What you have to do - All of the data must be written out verbatim, with pictures excluded.

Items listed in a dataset
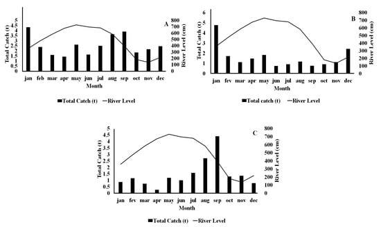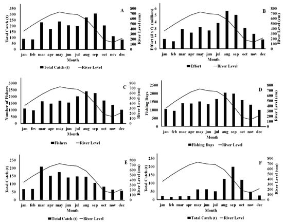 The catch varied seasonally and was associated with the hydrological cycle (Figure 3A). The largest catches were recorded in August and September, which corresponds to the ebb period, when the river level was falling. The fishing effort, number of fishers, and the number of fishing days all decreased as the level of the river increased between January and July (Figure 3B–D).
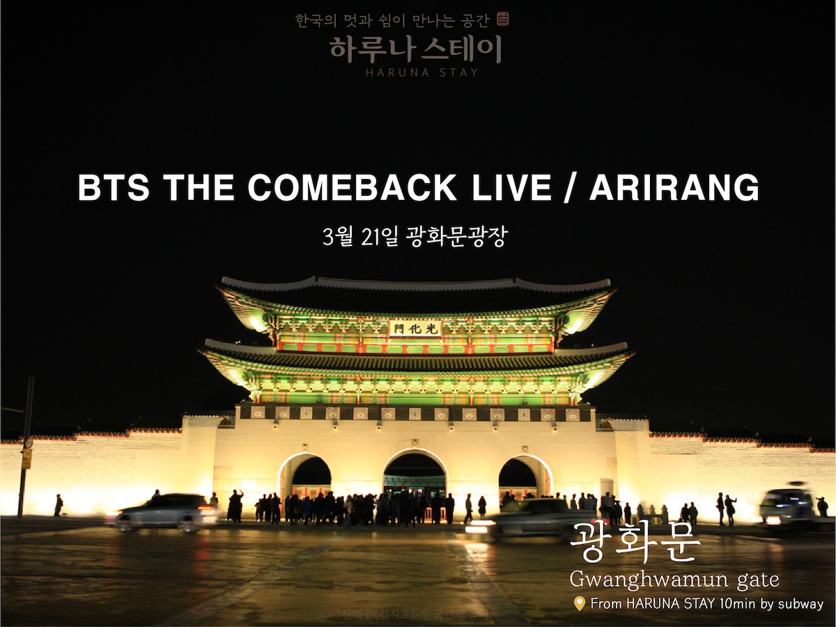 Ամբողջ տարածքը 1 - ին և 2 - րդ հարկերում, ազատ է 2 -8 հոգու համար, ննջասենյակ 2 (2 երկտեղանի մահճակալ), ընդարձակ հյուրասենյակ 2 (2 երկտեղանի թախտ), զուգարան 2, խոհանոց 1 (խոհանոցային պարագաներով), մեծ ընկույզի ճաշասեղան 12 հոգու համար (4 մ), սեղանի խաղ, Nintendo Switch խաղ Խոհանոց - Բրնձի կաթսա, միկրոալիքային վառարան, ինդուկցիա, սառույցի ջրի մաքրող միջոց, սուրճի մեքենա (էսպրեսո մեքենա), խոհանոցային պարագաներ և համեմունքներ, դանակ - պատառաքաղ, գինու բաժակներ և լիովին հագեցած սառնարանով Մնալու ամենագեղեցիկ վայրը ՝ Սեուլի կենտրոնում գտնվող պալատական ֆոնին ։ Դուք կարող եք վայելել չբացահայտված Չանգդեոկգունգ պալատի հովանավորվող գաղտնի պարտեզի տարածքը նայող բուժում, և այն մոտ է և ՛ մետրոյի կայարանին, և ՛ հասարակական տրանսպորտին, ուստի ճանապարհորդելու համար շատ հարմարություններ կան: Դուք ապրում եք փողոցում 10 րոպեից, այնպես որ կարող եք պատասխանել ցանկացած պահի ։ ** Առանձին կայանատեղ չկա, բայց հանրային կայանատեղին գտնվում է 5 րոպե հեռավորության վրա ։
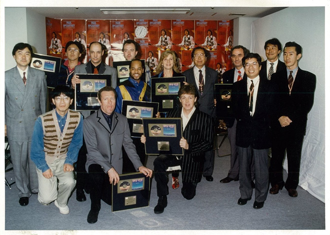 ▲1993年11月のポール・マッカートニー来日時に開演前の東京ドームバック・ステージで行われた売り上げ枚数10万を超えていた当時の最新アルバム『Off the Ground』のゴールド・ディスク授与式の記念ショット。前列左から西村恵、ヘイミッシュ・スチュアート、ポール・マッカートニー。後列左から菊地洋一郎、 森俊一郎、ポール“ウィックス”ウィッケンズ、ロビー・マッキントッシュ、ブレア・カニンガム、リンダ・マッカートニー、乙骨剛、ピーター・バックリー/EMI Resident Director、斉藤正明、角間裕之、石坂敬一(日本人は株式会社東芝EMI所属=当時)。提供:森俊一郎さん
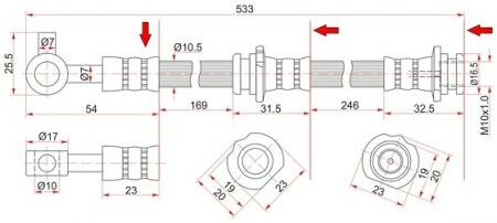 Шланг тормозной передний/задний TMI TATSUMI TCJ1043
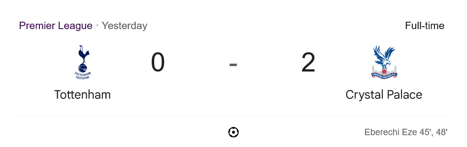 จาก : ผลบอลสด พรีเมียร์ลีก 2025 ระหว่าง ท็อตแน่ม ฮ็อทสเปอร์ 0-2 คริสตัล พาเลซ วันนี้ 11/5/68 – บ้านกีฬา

Your solution -
 The catch varied seasonally and was associated with the hydrological cycle (Figure 3A). The largest catches were recorded in August and September, which corresponds to the ebb period, when the river level was falling. The fishing effort, number of fishers, and the number of fishing days all decreased as the level of the river increased between January and July (Figure 3B–D).
 Ամբողջ տարածքը 1 - ին և 2 - րդ հարկերում, ազատ է 2 -8 հոգու համար, ննջասենյակ 2 (2 երկտեղանի մահճակալ), ընդարձակ հյուրասենյակ 2 (2 երկտեղանի թախտ), զուգարան 2, խոհանոց 1 (խոհանոցային պարագաներով), մեծ ընկույզի ճաշասեղան 12 հոգու համար (4 մ), սեղանի խաղ, Nintendo Switch խաղ Խոհանոց - Բրնձի կաթսա, միկրոալիքային վառարան, ինդուկցիա, սառույցի ջրի մաքրող միջոց, սուրճի մեքենա (էսպրեսո մեքենա), խոհանոցային պարագաներ և համեմունքներ, դանակ - պատառաքաղ, գինու բաժակներ և լիովին հագեցած սառնարանով Մնալու ամենագեղեցիկ վայրը ՝ Սեուլի կենտրոնում գտնվող պալատական ֆոնին ։ Դուք կարող եք վայելել չբացահայտված Չանգդեոկգունգ պալատի հովանավորվող գաղտնի պարտեզի տարածքը նայող բուժում, և այն մոտ է և ՛ մետրոյի կայարանին, և ՛ հասարակական տրանսպորտին, ուստի ճանապարհորդելու համար շատ հարմարություններ կան: Դուք ապրում եք փողոցում 10 րոպեից, այնպես որ կարող եք պատասխանել ցանկացած պահի ։ ** Առանձին կայանատեղ չկա, բայց հանրային կայանատեղին գտնվում է 5 րոպե հեռավորության վրա ։
 ▲1993年11月のポール・マッカートニー来日時に開演前の東京ドームバック・ステージで行われた売り上げ枚数10万を超えていた当時の最新アルバム『Off the Ground』のゴールド・ディスク授与式の記念ショット。前列左から西村恵、ヘイミッシュ・スチュアート、ポール・マッカートニー。後列左から菊地洋一郎、 森俊一郎、ポール“ウィックス”ウィッケンズ、ロビー・マッキントッシュ、ブレア・カニンガム、リンダ・マッカートニー、乙骨剛、ピーター・バックリー/EMI Resident Director、斉藤正明、角間裕之、石坂敬一(日本人は株式会社東芝EMI所属=当時)。提供:森俊一郎さん
 Шланг тормозной передний/задний TMI TATSUMI TCJ1043
 จาก : ผลบอลสด พรีเมียร์ลีก 2025 ระหว่าง ท็อตแน่ม ฮ็อทสเปอร์ 0-2 คริสตัล พาเลซ วันนี้ 11/5/68 – บ้านกีฬา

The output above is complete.